TASK -
Once you reach the line with "Mùa hè giữa" below, copy each line exactly, stopping after the line with "avec Manon Magagnosc.", and skip any pictures.

Data records
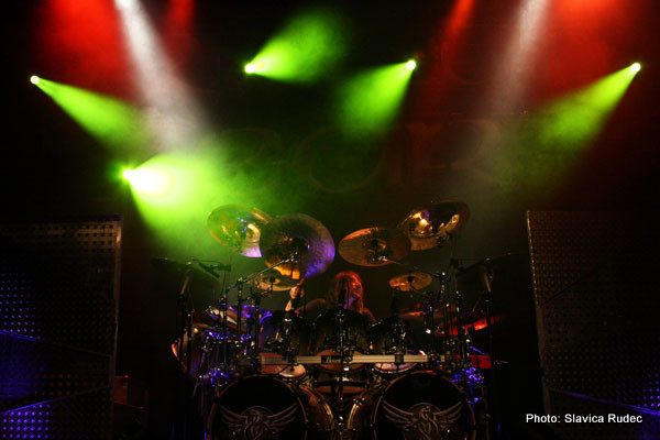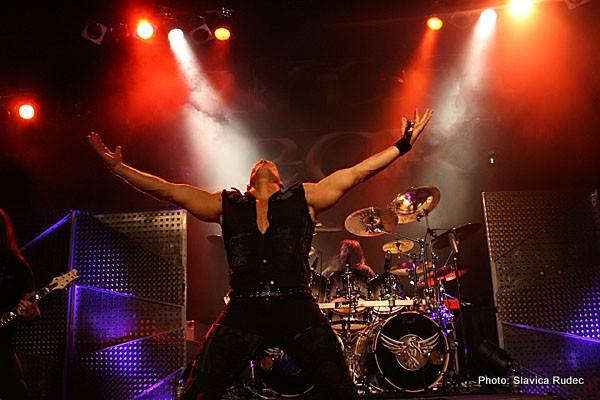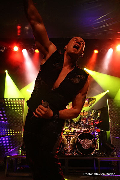 Iako power metal nisam slušala već godinama, glavni headliner večeri Primal Fear me podsjetio zašto sam taj žanr toliko voljela dok sam išla u osnovnu školu. Nastup su otvorili melodičnim uvodnim instrumentalom s aktualnog albuma ‘Unbreakable’. Po nastupu se vidi da je Primal Fear i više no dobro uvježban i profesionalan. Žestoka ritam sekcija bubnjara Randyja Blacka i basiste Matta Sinnera praćena melodičnim i moćnim riffovima Alexandera Beyrodta i 24-godišnjeg grka Constantina (zamjena za Magnusa Karlssona), okrunjena iznimnim visokim vokalom Ralfa Scheepersa kao glavnom snagom benda. Interakcija Scheepersa s publikom konastantno se osjetila, na što je publika uzvraćala vrhunskom atmosferom u tolikoj mjeri, da se na trenutke zaboravljalo da ih je samo 200-tinjak. Prvi dio nastupa uglavnom se sastojao od novijih pjesama poput Strike, Give ’em All, Unbreakable (part II)…Pjesmu Seven Seals, koja me najviše oduševila, prvi sam put u životu čula, i mislim da nije moglo biti boljeg načina nego da ju odmah čujem uživo, gdje se pogotovo osjeti opjevana melankolija i strast, sa harmoničnim instrumentalnim back-upom. Mali odmor za ostatak benda uslijedio je žestokim bubnjarskim solo nastupom Randyja Blacka. Drugi dio nastupa obilježile su pjesme poput Where Angels Die, Metal Nation, Final Embrace…te legendarna himna benda Metal Is Forever, tijekom koje je publika ujedinjeno i iz petnih žila pjevala ‘…metal is forever in every single matter, metal is forever nations come together…’. Za bis su ostavili novu pjesmu Bad Guys Wear Black, a na samom kraju Chainbreaker, tijekom koje im se na pozornici pridružio Milan iz Lenih Kostiju, te su zajedničkim snagama završili ovaj odličan i bez zamjerke odrađen show.
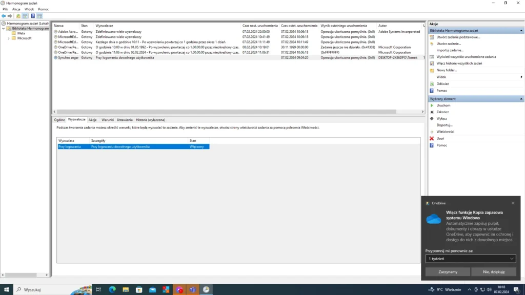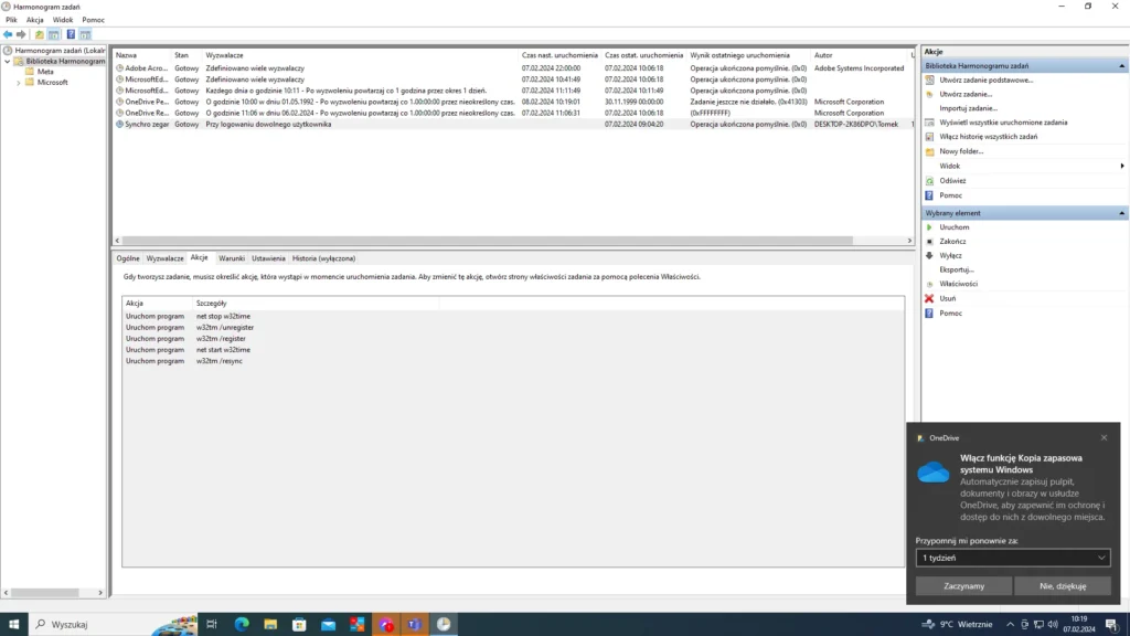5. Po zaimportowaniu zadania powinieneś mieć skonfigurowane zadanie jak na poniższych screenach:
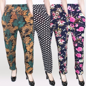 Mùa hè giữa và tuổi già phần mỏng băng lụa chín điểm cây ra hoa quần phụ nữ lỏng lẻo kích thước lớn quần hoa rộng chân quần harem bán buôn
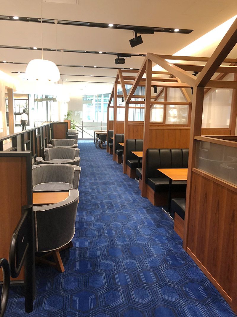 シングルデスク以外にも、ボックスシートやペアシート、4人がけのテーブルもあります。席数は48席。
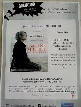 Film "Louise Michel, la rebelle", le 5 mars à la FOL83, suivi d’un débat sur l’hôpital public avec Manon Magagnosc.
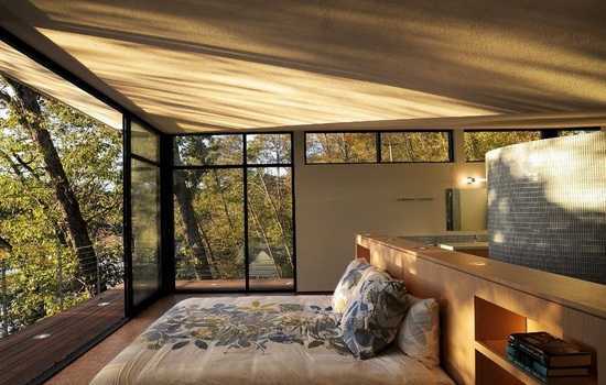 В спальне же обстановка другая – как правило, окна завешены плотными шторами, внутри комнаты царит интимная обстановка. Конечно же, бывают и исключения, например, если вы строите дом на фоне природы вдалеке от городского шума – в таком случае даже в спальной комнате можно поэкспериментировать с размерами окон. Но все же маленькие окна – оптимальный вариант, поскольку вы автоматически уменьшите теплопотери. Высота от пола до подоконника также не играет особой роли – обычно для спален это 90 см от пола.

COMPLETED EXERCISE -
 Mùa hè giữa và tuổi già phần mỏng băng lụa chín điểm cây ra hoa quần phụ nữ lỏng lẻo kích thước lớn quần hoa rộng chân quần harem bán buôn
 シングルデスク以外にも、ボックスシートやペアシート、4人がけのテーブルもあります。席数は48席。
 Film "Louise Michel, la rebelle", le 5 mars à la FOL83, suivi d’un débat sur l’hôpital public avec Manon Magagnosc.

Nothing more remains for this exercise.